From: Michal Hocko <mhocko-IBi9RG/b67k@public.gmane.org>
To: "Huang, Ying" <ying.huang-ral2JQCrhuEAvxtiuMwx3w@public.gmane.org>
Cc: Mina Almasry
<almasrymina-hpIqsD4AKlfQT0dZR+AlfA@public.gmane.org>,
Johannes Weiner <hannes-druUgvl0LCNAfugRpC6u6w@public.gmane.org>,
Tejun Heo <tj-DgEjT+Ai2ygdnm+yROfE0A@public.gmane.org>,
Zefan Li <lizefan.x-EC8Uxl6Npydl57MIdRCFDg@public.gmane.org>,
Jonathan Corbet <corbet-T1hC0tSOHrs@public.gmane.org>,
Roman Gushchin
<roman.gushchin-fxUVXftIFDnyG1zEObXtfA@public.gmane.org>,
Shakeel Butt <shakeelb-hpIqsD4AKlfQT0dZR+AlfA@public.gmane.org>,
Muchun Song <songmuchun-EC8Uxl6Npydl57MIdRCFDg@public.gmane.org>,
Andrew Morton
<akpm-de/tnXTf+JLsfHDXvbKv3WD2FQJk+8+b@public.gmane.org>,
Yang Shi
<yang.shi-KPsoFbNs7GizrGE5bRqYAgC/G2K4zDHf@public.gmane.org>,
Yosry Ahmed <yosryahmed-hpIqsD4AKlfQT0dZR+AlfA@public.gmane.org>,
weixugc-hpIqsD4AKlfQT0dZR+AlfA@public.gmane.org,
fvdl-hpIqsD4AKlfQT0dZR+AlfA@public.gmane.org,
bagasdotme-Re5JQEeQqe8AvxtiuMwx3w@public.gmane.org,
cgroups-u79uwXL29TY76Z2rM5mHXA@public.gmane.org,
linux-doc-u79uwXL29TY76Z2rM5mHXA@public.gmane.org,
linux-kernel-u79uwXL29TY76Z2rM5mHXA@public.gmane.org,
linux-mm-Bw31MaZKKs3YtjvyW6yDsg@public.gmane.org
Subject: Re: [PATCH v3] mm: Add nodes= arg to memory.reclaim
Date: Thu, 15 Dec 2022 10:21:25 +0100 [thread overview]
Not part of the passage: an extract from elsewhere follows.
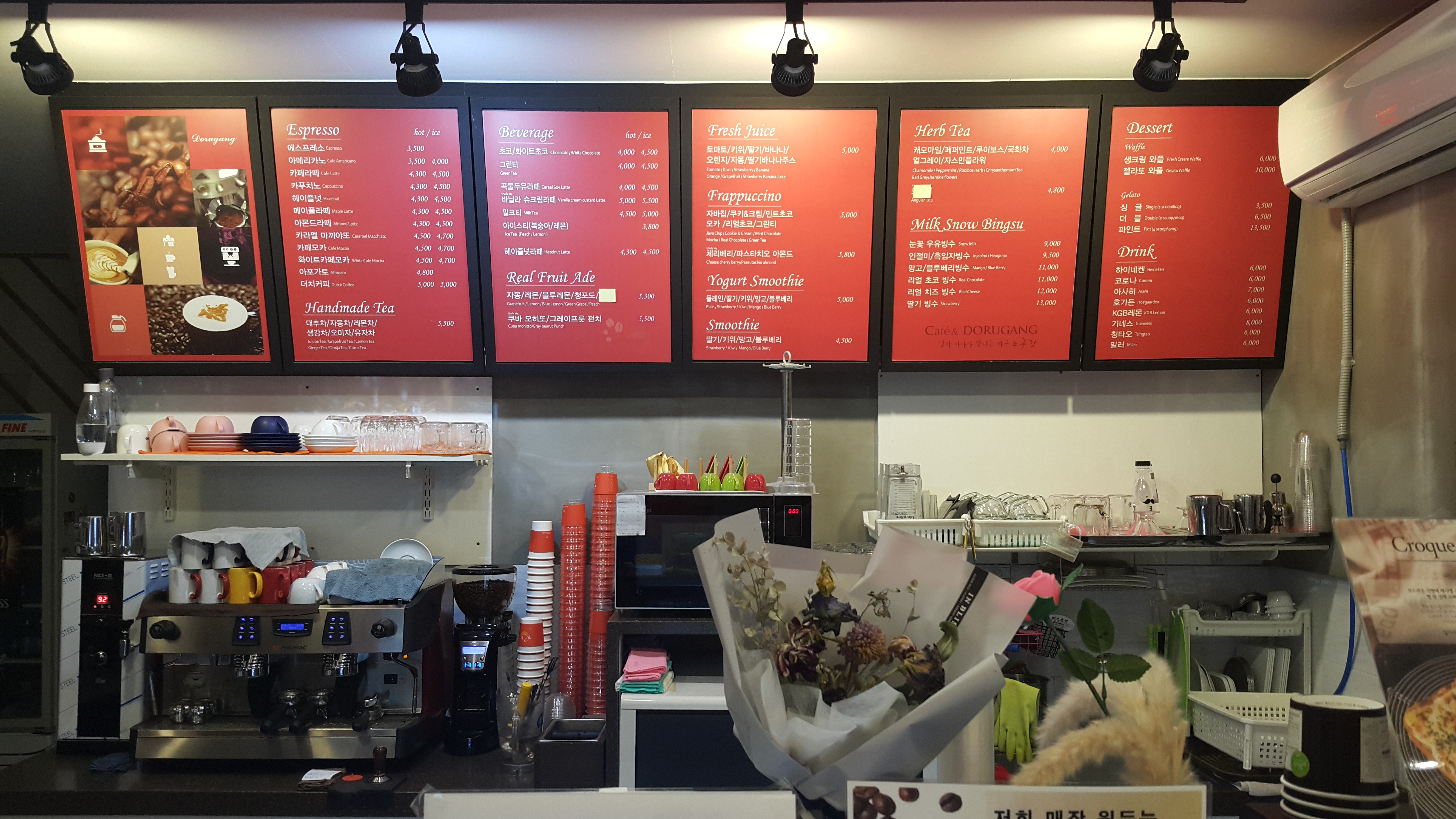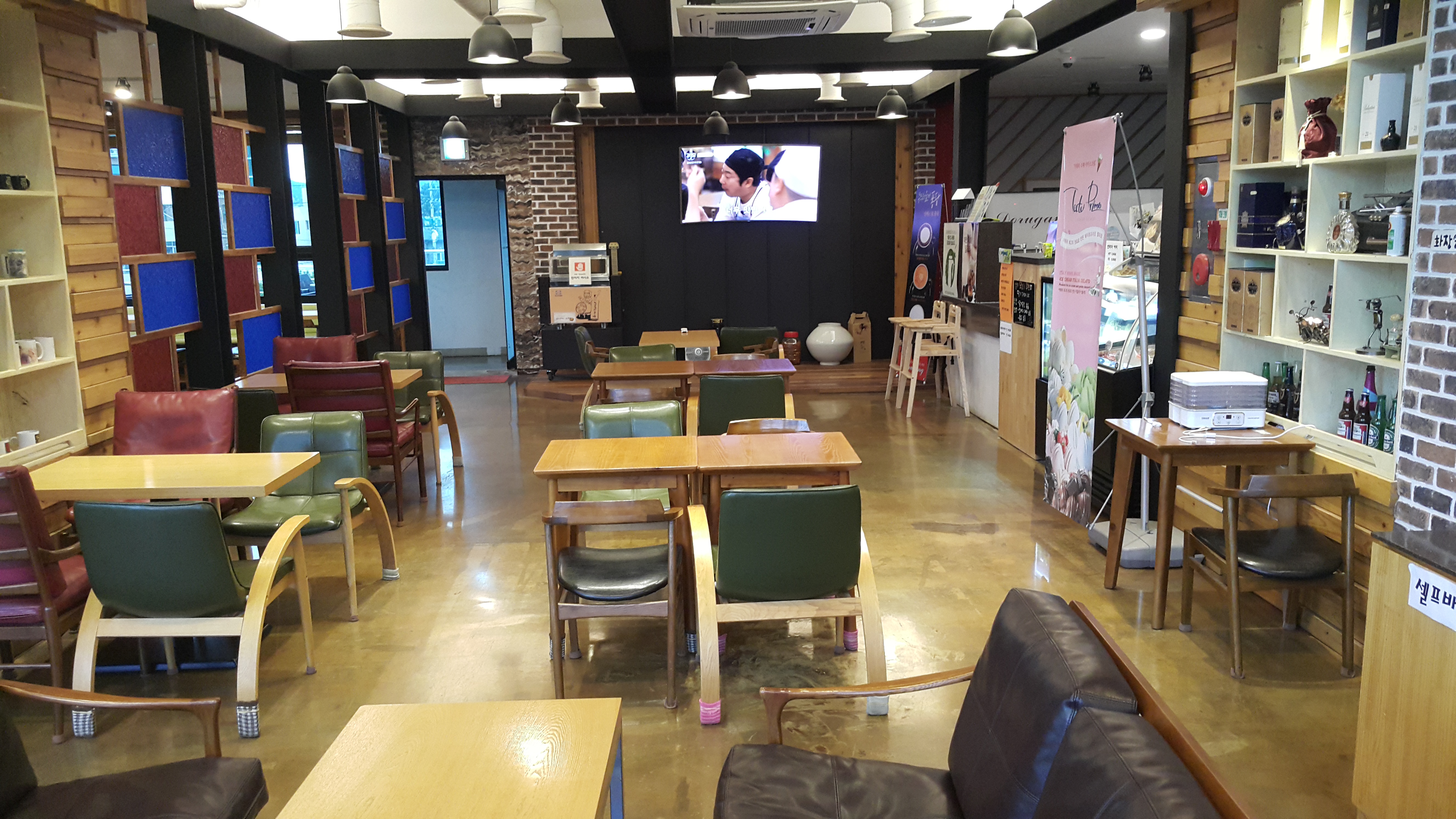실내 안쪽으로는 대형 모니터가 영상을 내보내고 있어 영상을 보며 커피 한잔 하기에도 좋습니다.

Message-ID: <Y5rnFbOqHQUT5da7@dhcp22.suse.cz> (raw)
In-Reply-To: <87mt7pdxm1.fsf-fFUE1NP8JkzwuUmzmnQr+vooFf0ArEBIu+b9c/7xato@public.gmane.org>
On Thu 15-12-22 13:50:14, Huang, Ying wrote:
> Michal Hocko <mhocko-IBi9RG/b67k@public.gmane.org> writes:
>
> > On Tue 13-12-22 11:29:45, Mina Almasry wrote:
> >> On Tue, Dec 13, 2022 at 6:03 AM Michal Hocko <mhocko-IBi9RG/b67k@public.gmane.org> wrote:
> >> >
> >> > On Tue 13-12-22 14:30:40, Johannes Weiner wrote:
> >> > > On Tue, Dec 13, 2022 at 02:30:57PM +0800, Huang, Ying wrote:
> >> > [...]
> >> > > > After these discussion, I think the solution maybe use different
> >> > > > interfaces for "proactive demote" and "proactive reclaim". That is,
> >> > > > reconsider "memory.demote". In this way, we will always uncharge the
> >> > > > cgroup for "memory.reclaim". This avoid the possible confusion there.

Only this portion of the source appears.